◆ **Exercise details**
Copy the closing run of lines, from the one with "than the yumdumtrum." through the last line of the listing, exactly and without any pictures.

Data below Start Marker

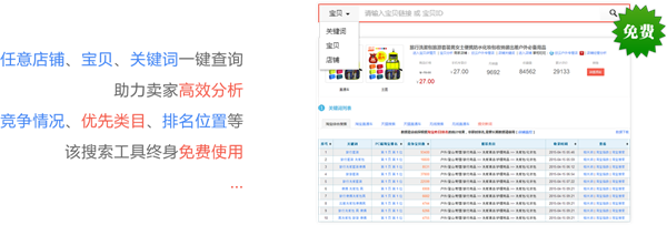各種關(guān)鍵詞、店鋪、寶貝一鍵查詢!注冊用戶終身免費(fèi)使用
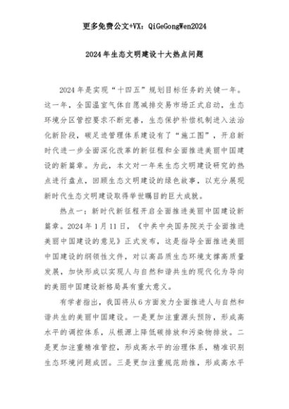 【七哥公文】2025年:2024年生态文明建设十大热点问题+更多免费公文+VX:QiGeGongWen2024+更多免费公文+VX:QiGeGongWen2024
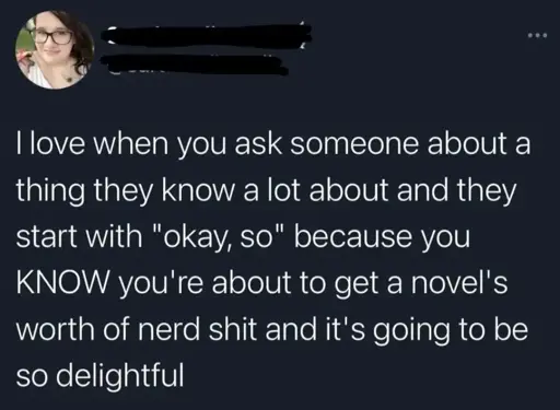 my “okay, so…” beginning are usually trying to break my specialty into human-understandable language and prep an analogy. aint nobody but my nerdboi peers care about the dinglehooper flooting the yoonerbix .001ms faster than the yumdumtrum.
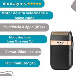 Descrição do anúncio: Barbeador elétrico kemei 2024 bivolt recarregável Agora você pode ficar sempre com a barba perfeita com o barbeador portátil de lâmina dupla kemei. Ideal para pessoas que têm alergia a lâminas tradicionais como gillette ou navalhas, o kemei 2024 oferece um método de barbear menos agressivo e sem irritação. Este shaver é recarregável via usb, levando 8 horas para uma carga completa e oferecendo 60 minutos de uso contínuo. Com suas duas lâminas, ele proporciona um corte mais rápido e eficiente. Importante: para melhores resultados, utilize uma máquina zero antes de usar o shaver em pelos curtos.

Data below End Marker

◆ **Solution to this task**
 my “okay, so…” beginning are usually trying to break my specialty into human-understandable language and prep an analogy. aint nobody but my nerdboi peers care about the dinglehooper flooting the yoonerbix .001ms faster than the yumdumtrum.
 Descrição do anúncio: Barbeador elétrico kemei 2024 bivolt recarregável Agora você pode ficar sempre com a barba perfeita com o barbeador portátil de lâmina dupla kemei. Ideal para pessoas que têm alergia a lâminas tradicionais como gillette ou navalhas, o kemei 2024 oferece um método de barbear menos agressivo e sem irritação. Este shaver é recarregável via usb, levando 8 horas para uma carga completa e oferecendo 60 minutos de uso contínuo. Com suas duas lâminas, ele proporciona um corte mais rápido e eficiente. Importante: para melhores resultados, utilize uma máquina zero antes de usar o shaver em pelos curtos.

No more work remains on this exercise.